Analyzing Sex-Biased Gene Expression in Autoimmune Diseases

Table: MED1224
Experimentation location: School, Home
Regulated Research (Form 1c): No
Project continuation (Form 7): No

Display board image not available


In this project, I plan to analyze sex-biased gene expression in autoimmune diseases by using a dataset containing information about people’s cell counts. Autoimmune diseases happen when your immune system starts to attack its own healthy cells. No exact cause has been pinpointed, but some suspected causes are sex, race, genetics, and environmental factors. In terms of sex, autoimmune diseases are more prevalent in women than men. In all autoimmune disease cases, women make up 75% while men only make up 25%. Scientists have thought that this disparity could be due to hormonal factors. As we know, women have constantly fluctuating hormone levels, and this has been connected to autoimmune diseases. One study was performed to evaluate the effects of changing prolactin levels, a hormone that contributes to the production of milk in mammals. The study found mice with a prolactin-inhibitor had longer longevity and produced more antibodies that detect systemic lupus erythematosus (SLE) , which is an autoimmune disease. On the other hand, mice with glands that produce more prolactin had accelerated mortality and proteins in their urine, which is a key symptom of SLE. For this project, I used R and RStudio, which is a programming language that allows me to analyze vast amounts of data. The database I used is called DICE which contains information about the donor’s sex, race, ethnicity, and the count of various immune cells per 1 million transcripts. The data collection was done using RNA-Seq, which is a sequencing technique used to quantify RNA in a sample. In RStudio, the code I implemented followed a series of steps to build to a conclusion. To begin with, I eliminated data columns that aren’t needed, after which I filtered the dataset into one with females and one with males. Next, I calculated the mean of each cell type for each divided dataset. Finally, I noted the differences in sexes by subtracting the male average from the female average for each cell type and calculating the absolute value of that difference. After this analysis, I found NK cells and Naive CD4+ T cells have the largest differences, each of which have been found to be abnormal in count or quality in people with autoimmune diseases. For future direction, I plan to narrow down on specific genes that contribute to the sex-disparity in autoimmune diseases.


No additional citations

Additional Project Information

Research paper:
Additional Resources: -- No resources provided --
Project files:
Project files

Research Plan:

First, I will find a database that includes information about gene expression and counts of immune cells. Next, I will analyze the data to find an average of each cell type in females and males. Then I'll find the difference between the averages, and analyze those differences. 

Questions and Answers

1. What was the major objective of your project and what was your plan to achieve it? 

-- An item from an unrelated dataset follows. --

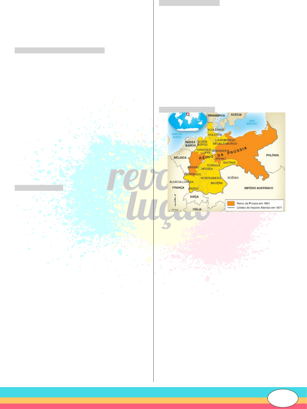 61 c) das liberdades individuais e do sistema representativo, baseado nas escolhas dos indivíduos em eleições regula- res. d) do sistema federativo, como forma de permitir a partici- pação política democrática dos cidadãos, em âmbito local. e) do despotismo esclarecido, no qual o monarca era esco- lhido por votação, entre os chamados “homens bons”. 232. (Faculdade Cesgranrio RJ/2018) Retomada por um “velho discurso” que tentava justificar as teorias e prá- ticas liberais – que, embora comprometidas com o prin- cípio da igualdade, negavam às mulheres o acesso à ci- dadania, através da ênfase na diferença entre os sexos –, tal imagem seria revigorada a partir das “descobertas da medicina e da biologia, que ratificavam cientifica- mente a dicotomia: homens, cérebro, inteligência, ra- zão lúcida, capacidade de decisão versus mulheres, co- ração, sensibilidade, sentimentos.” ENGEL, M. “Psiquiatria e feminilidade” In DEL PRIORI, M. (org.) História das mulheres no Brasil. São Paulo: Contexto, 2002, p. 332. Os argumentos expostos pela historiadora Magali En- gel, referentes ao final do século XIX, justificam a emer- gência de movimentos sociais em favor do(a) a) voto feminino b) fim dos manicômios c) filosofia positivista d) ditadura republicana e) extinção do imperialismo 233. (UEG GO/2018) Leia o texto a seguir. Na madrugada de 18 de Março, Paris acordou com o re- bentamento do trovão vive la commune! Que é a Co- muna, essa esfinge que atormenta o espírito burguês? “Os proletários da capital – dizia o Comitê Central no seu manifesto do dia 18 de Março – no meio dos desfa- lecimentos e das traições das classes governantes, compreenderam que para eles tinha chegado a hora de salvar a situação tomando em mãos a direção dos ne- gócios públicos.” MAX, Karl. Vive la Comune! In: MAR- QUES, A. BERUTTI, F. FARIA, R. Histó- ria contemporânea através de textos. São Paulo: Contexto, 2010. p. 56. A citação refere-se à Comuna de Paris, movimento po- pular que controlou a capital francesa em 1871. O ma- nifesto dos revolucionários acusou o governo francês de traição porque o mesmo a) obrigou os proletários a integrarem-se ao Exército para lutarem na guerra franco-prussiana. b) entregou as estratégicas regiões de Alsácia e Lorena para serem incorporadas à Prússia. c) coligou com a Inglaterra e Prússia contra os trabalhado- res para evitar a revolução socialista. d) tentou desarmar a população de Paris, obedecendo às imposições do governo prussiano. e) autorizou a ocupação de Paris permanentemente pelo exército prussiano. 234. (Unicentro PR/2018) Belle Époque é um termo que se refere a) Ao final do século XIX e início do século XX, marcado pelo espírito confiante de que não haveria mais guerras, pela fé inabalável no progresso científico e por um desen- volvimento gigantesco no campo das artes. b) Ao início do século XVI, marcado pela ascensão do Re- nascimento que resgatou a cultura greco-romana e os valo- res da filosofia. c) Ao século IV a.C., época de maior esplendor da demo- cracia na Atenas do período Clássico. d) A este início de século XXI, em que o homem se vanglo- ria das descobertas cada vez mais incríveis no campo da ciência. e) Ao século XVIII e ao papel desempenhado pelo Ilumi- nismo na tarefa de esclarecer as mentes no objetivo de for- mar o homem contemporâneo. 235. (UNIFOR CE/2017) Acerca do processo de unificação da Alemanha e seu impacto na Europa, é possível afirmar, exceto: a) O Império Austríaco e o Reino da Prússia eram nações extremamente industrializadas que lutaram pelo domínio da Confederação Germânica, composta por 39 monarquias in- dependentes, resultando na unificação alemã. b) A Guerra Franco-Prussiana teve como pretexto a oferta, pelas Cortes espanholas, do trono da Espanha a um primo do Rei da Prússia, despertando a oposição da França. A vitória do exército prussiano garantiu a unificação da Ale- manha. c) A criação do Zollverein, política de cooperação aduaneira entre os estados da Confederação Germânica, feita sob li- derança da Prússia, excluiu a participação do Império Aus- tríaco, enfraquecendo-o economicamente. d) Depois da Revolução de 1848 nos Estado Alemães, os conflitos militares que selaram o processo de unificação alemã são, em ordem cronológica: Guerra dos Ducados, Guerra Austro-Prussiana e Guerra Franco-Prussiana. e) O processo de unificação da Alemanha, junto com o ita- liano, simbolizou um período de acirramento das disputas entre as economias europeias, preparando o terreno para a primeira guerra mundial. 62 236. (ENEM/2017) O dicionário da Real Academia Espa- nhola não usa a terminologia de Estado, nação e língua no sentido moderno. Antes de sua edição de 1884, a pa- lavra nación significava simplesmente “o agregado de habitantes de uma província, de um país ou de um reino” e também “um estrangeiro”. Mas agora era dada como “um Estado ou corpo político que reconhece um centro supremo de governo comum”. HOBSBAWM, E. J. Nações e nacionalismo (desde 1870). Rio de Janeiro: Paz e Terra, 1990 (adaptado). A ideia de nação como lugar de pertencimento, ao qual os indivíduos têm ligação por nascimento, constitui-se na Europa do final do século XIX. Sua difusão resultou a) na rápida ascensão de governos com maior participação popular, dado que a unidade nacional anulava as diferenças sociais. b) na construção de uma cultura que incorporava todas as parcialidades equilibradamente dentro de uma identidade comum. c) na imposição de uma única língua, cultura e tradição às diferentes comunidades agregadas ao Estado nacional. d) na anulação pacífica das diferenças étnicas existentes entre as comunidades que passaram a compor a nacionali- dade. e) em um intenso processo cultural marcado pelo protago- nismo das populações autóctones. 237. (FGV/2016)

The major objective of my project was to analyze gene expression in females and males to investigate what leads to autoimmune diseases.

       a. Was that goal the result of any specific situation, experience, or problem you encountered?  

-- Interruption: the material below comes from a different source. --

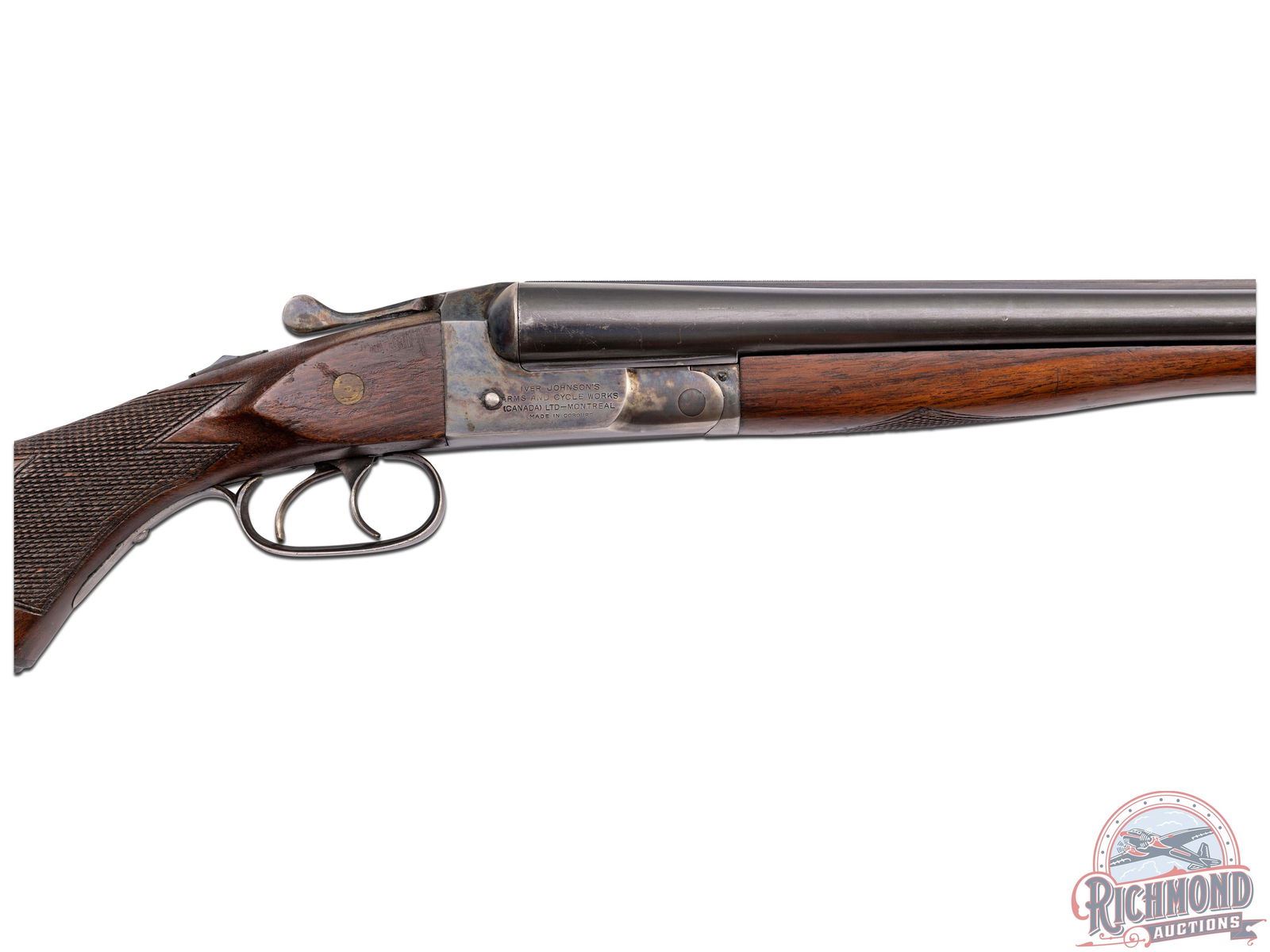 Made in Canada by Cooey for Iver Johnson Arms & Cycle Works between 1924 and 1935. 28" blued fluid steel barrels with matted rib, extractors, 2-3/4" chambers with Modified and Modified chokes. Case-hardened boxlock action with double triggers and automatic safety with action marked "Hercules Grade" and "Iver Johnson Arms And Cycle Works/Canada LTD-Montreal/ Made in Cobourge". Plain walnut checkered pistol grip stock with Iver Johnson Owl Head rubber butt plate and grip cap. Matching checkered splinter matching forearm with friction release. LOP: 14-1/4". DAC: 1-1/2". DAH: 2". CALIBER: 20 GA. S/N: 2000. FFL STATUS: Curio & Relic.

       b. Were you trying to solve a problem, answer a question, or test a hypothesis?

I was trying to answer a question. 


2. What were the major tasks you had to perform in order to complete your project?

I had to use RStudio to analyze the large amount of data. 

       a. For teams, describe what each member worked on.


3. What is new or novel about your project?

I use data science to analyze gene expression data, instead of experimental procedures. 

       a. Is there some aspect of your project's objective, or how you achieved it that you haven't done before?

I have never done data science or analyzed large amounts of data before.

       b. Is your project's objective, or the way you implemented it, different from anything you have seen?


       c. If you believe your work to be unique in some way, what research have you done to confirm that it is?

My research has shown that all of the information about the sex bias of autoimmune diseases has been proven by using lab procedures. 


4. What was the most challenging part of completing your project?

The most challenging part of completing my project was learning to use RStudio as a beginner. 

      a. What problems did you encounter, and how did you overcome them?

I encountered a lack of knowledge about RStudio, and I overcame this problem by learning more about RStudio through lectures and classes. 

      b. What did you learn from overcoming these problems?

I learned that resources are available to us always and we just have to use them. 


5. If you were going to do this project again, are there any things you would you do differently the next time?

I would go in with a list of genes to test a smaller piece of data. 


6. Did working on this project give you any ideas for other projects? 



7. How did COVID-19 affect the completion of your project?

COVID-19 has not affected the completion of my project.